The copy you give must match the records exactly, except that it holds no images.

======== DATASET ========

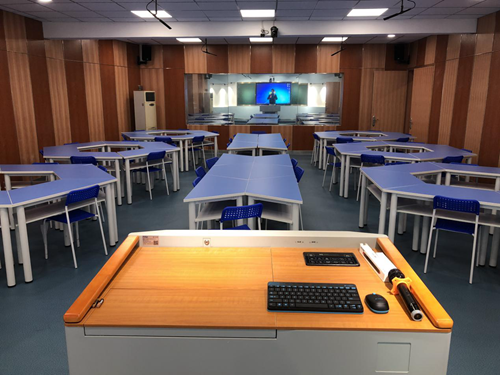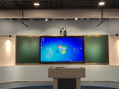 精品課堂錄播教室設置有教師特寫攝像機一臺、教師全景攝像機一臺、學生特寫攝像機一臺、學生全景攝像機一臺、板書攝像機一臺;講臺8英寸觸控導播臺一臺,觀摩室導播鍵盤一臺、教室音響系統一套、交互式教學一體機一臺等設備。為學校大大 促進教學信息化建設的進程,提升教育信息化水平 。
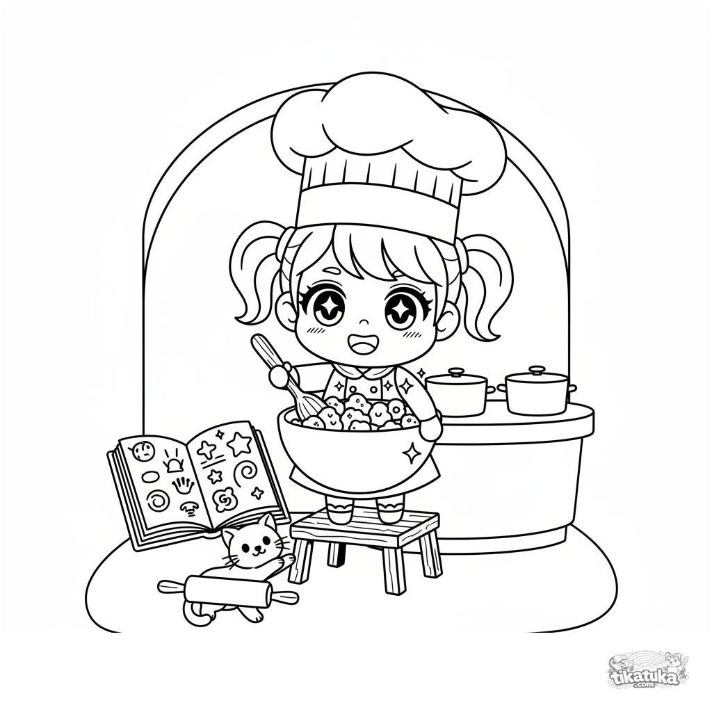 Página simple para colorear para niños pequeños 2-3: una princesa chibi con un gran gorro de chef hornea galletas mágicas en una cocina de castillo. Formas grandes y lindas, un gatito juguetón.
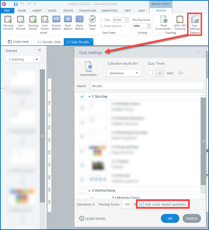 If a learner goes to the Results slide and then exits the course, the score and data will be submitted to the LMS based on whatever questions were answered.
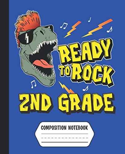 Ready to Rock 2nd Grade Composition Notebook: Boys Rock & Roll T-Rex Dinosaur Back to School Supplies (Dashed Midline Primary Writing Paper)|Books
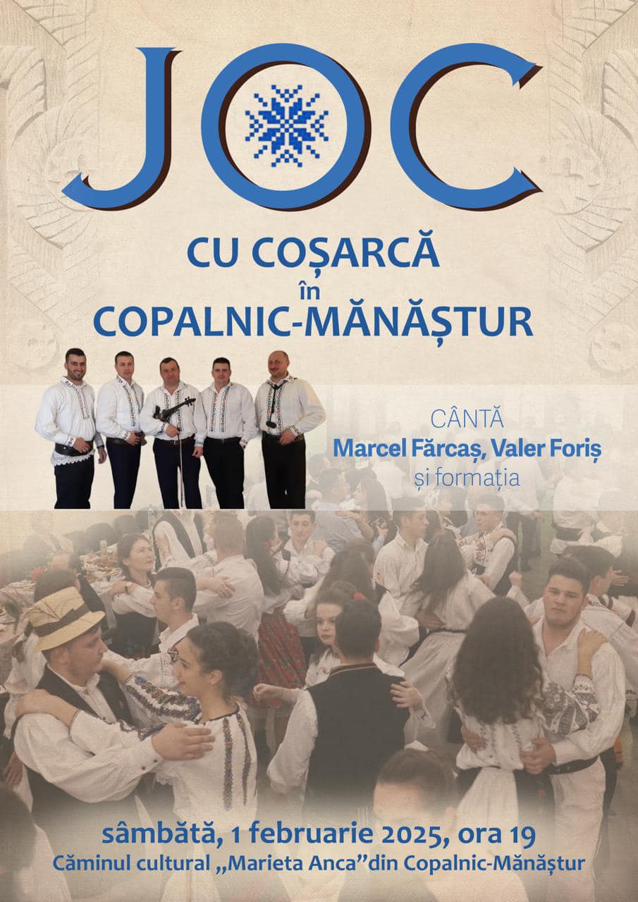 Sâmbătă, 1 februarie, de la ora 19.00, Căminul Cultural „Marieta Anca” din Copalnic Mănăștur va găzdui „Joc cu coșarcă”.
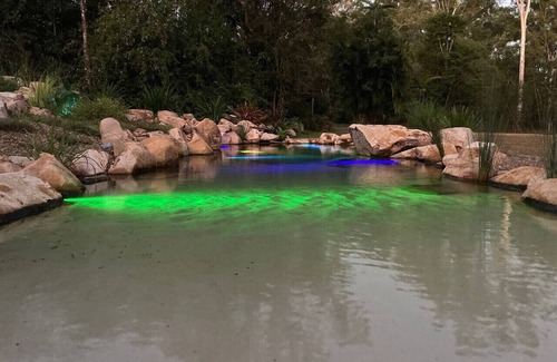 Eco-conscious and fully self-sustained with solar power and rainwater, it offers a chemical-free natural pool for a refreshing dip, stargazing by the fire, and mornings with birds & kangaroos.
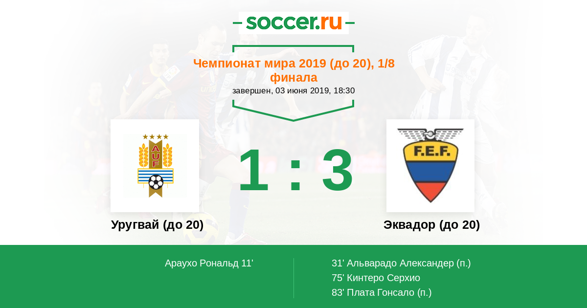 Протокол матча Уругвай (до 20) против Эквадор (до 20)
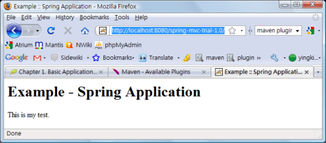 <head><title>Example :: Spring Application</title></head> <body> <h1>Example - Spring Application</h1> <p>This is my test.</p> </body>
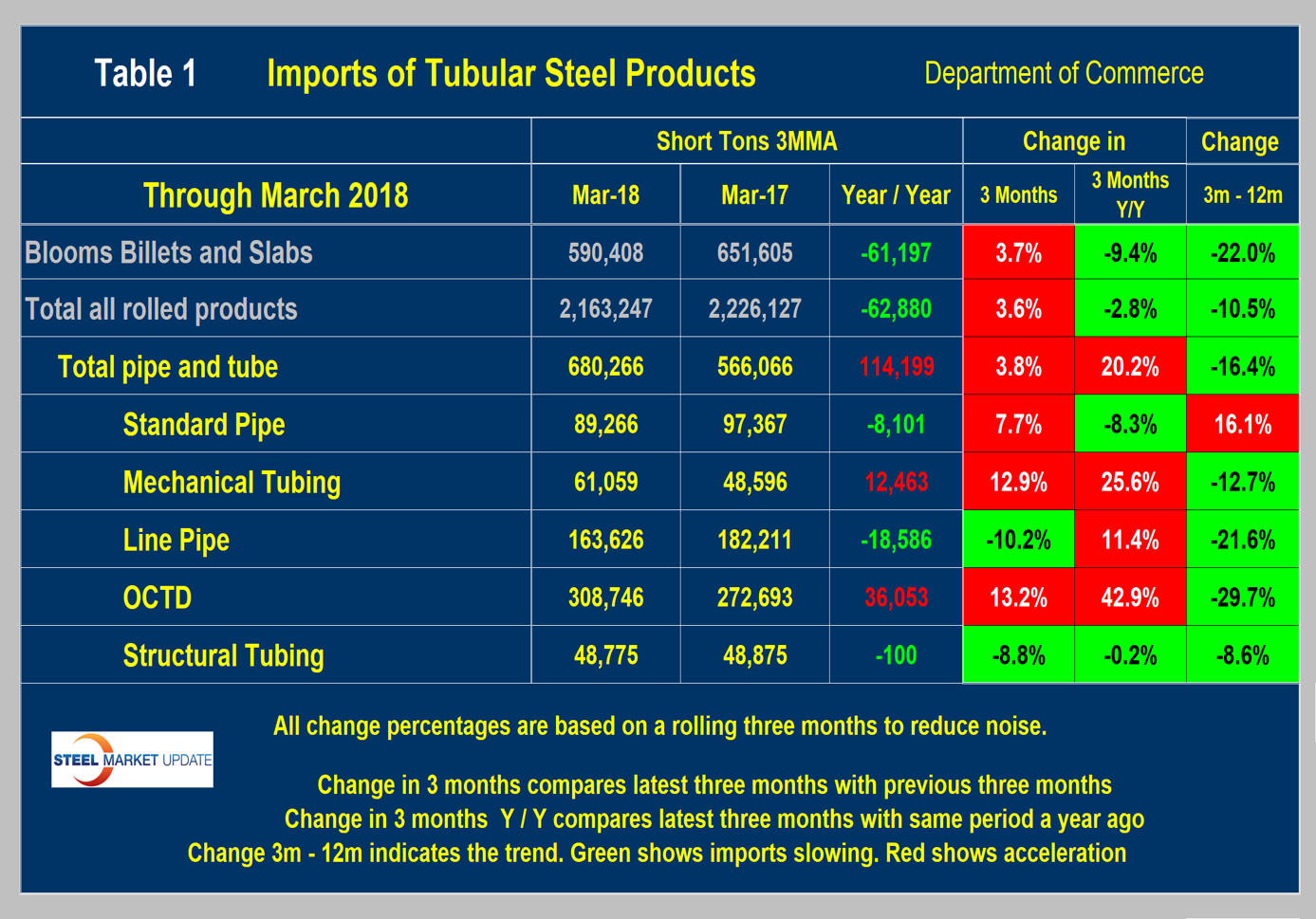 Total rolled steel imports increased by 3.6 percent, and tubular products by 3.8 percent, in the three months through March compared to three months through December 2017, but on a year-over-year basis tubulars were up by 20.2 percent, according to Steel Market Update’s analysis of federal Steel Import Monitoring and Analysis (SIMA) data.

========

**RESPONSE**
 精品課堂錄播教室設置有教師特寫攝像機一臺、教師全景攝像機一臺、學生特寫攝像機一臺、學生全景攝像機一臺、板書攝像機一臺;講臺8英寸觸控導播臺一臺,觀摩室導播鍵盤一臺、教室音響系統一套、交互式教學一體機一臺等設備。為學校大大 促進教學信息化建設的進程,提升教育信息化水平 。
 Página simple para colorear para niños pequeños 2-3: una princesa chibi con un gran gorro de chef hornea galletas mágicas en una cocina de castillo. Formas grandes y lindas, un gatito juguetón.
 If a learner goes to the Results slide and then exits the course, the score and data will be submitted to the LMS based on whatever questions were answered.
 Ready to Rock 2nd Grade Composition Notebook: Boys Rock & Roll T-Rex Dinosaur Back to School Supplies (Dashed Midline Primary Writing Paper)|Books
 Sâmbătă, 1 februarie, de la ora 19.00, Căminul Cultural „Marieta Anca” din Copalnic Mănăștur va găzdui „Joc cu coșarcă”.
 Eco-conscious and fully self-sustained with solar power and rainwater, it offers a chemical-free natural pool for a refreshing dip, stargazing by the fire, and mornings with birds & kangaroos.
 Протокол матча Уругвай (до 20) против Эквадор (до 20)
 <head><title>Example :: Spring Application</title></head> <body> <h1>Example - Spring Application</h1> <p>This is my test.</p> </body>
 Total rolled steel imports increased by 3.6 percent, and tubular products by 3.8 percent, in the three months through March compared to three months through December 2017, but on a year-over-year basis tubulars were up by 20.2 percent, according to Steel Market Update’s analysis of federal Steel Import Monitoring and Analysis (SIMA) data.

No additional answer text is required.